On a slightly different topic, I am still doing my actual projections in excel, so I can plan through to the end of the year based on cash position, income, planned expenses etc for each month. This is hugely helpful for long term cash management. It would be amazing if pocketbook had a feature to handle this too!
My preferences aside, all of the new tools you are putting out are great. Just saw the mobile app. I might even change from android to ios so I can use it 🙂
Thanks again for pocketbook. It’s the best platform by far, having now trialled xero personal for over a year, as well as a bunch of desktop apps.
Thanks bosco,
That all makes sense.
In an ideal world I would prefer to have the ability to set actual forecast based budgets (per category), rather than having them based on historical figures. I don’t really see the value of budgets based on historical figures. How would someone who has a bad track record know that they are planning correctly for the future?
Moving the slider / dial to me doesn’t offer a real way to adjust my budget either as it is arbitrary. What does it relate to? Without knowing the algorithm, I have no way of knowing whether moving down is financially useful (ie not linked to goals etc), and whether moving it up is even viable.
With that said, you would still want the safely spend figure, as it is hugely valuable once you have your spendings on track.
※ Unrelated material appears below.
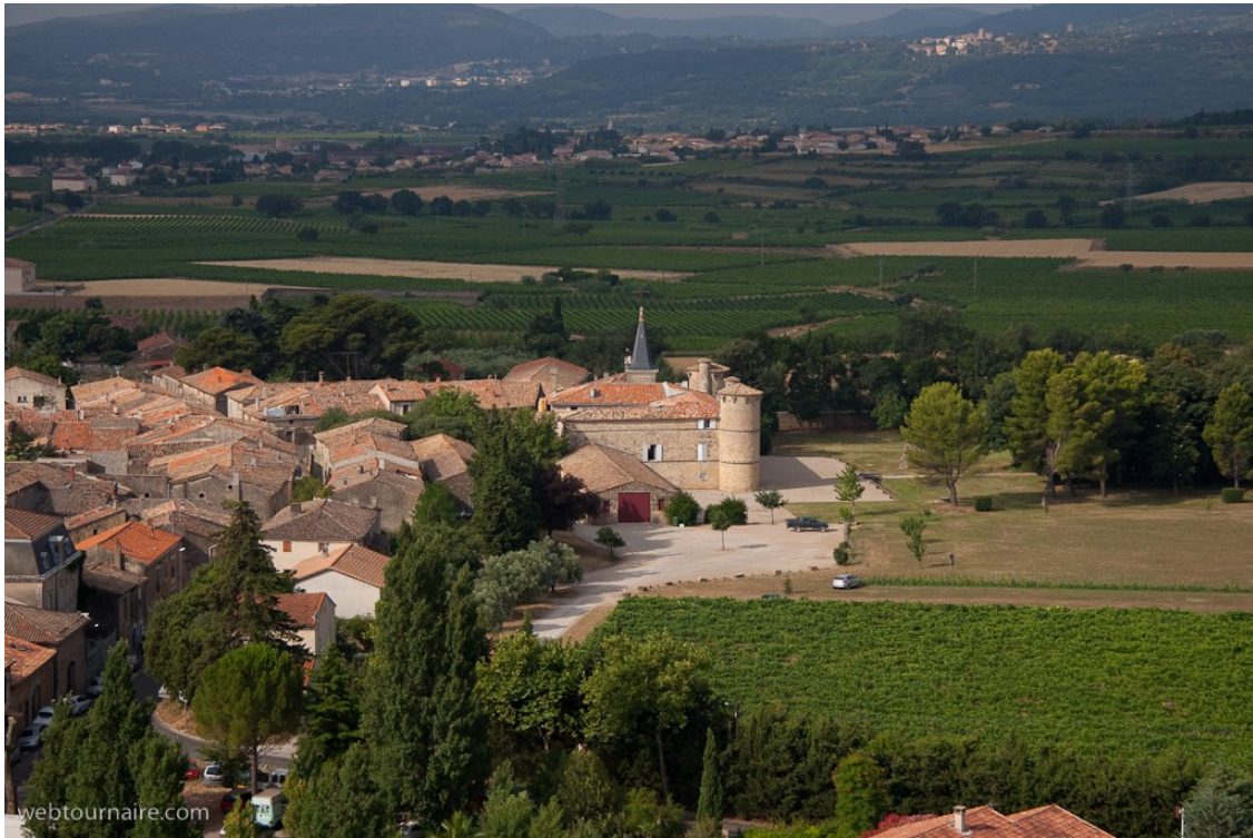
Fig. 9 : Château de Jonquières

I don’t see any reason why they couldn’t co-exist.
On a slightly different topic, I am still doing my actual projections in excel, so I can plan through to the end of the year based on cash position, income, planned expenses etc for each month. This is hugely helpful for long term cash management. It would be amazing if pocketbook had a feature to handle this too!
My preferences aside, all of the new tools you are putting out are great. Just saw the mobile app. I might even change from android to ios so I can use it 🙂
Thanks again for pocketbook. It’s the best platform by far, having now trialled xero personal for over a year, as well as a bunch of other desktop apps.
Are budgets for individual categories available or coming soon?
Hi Cole, we are currently working on that. It should be soon!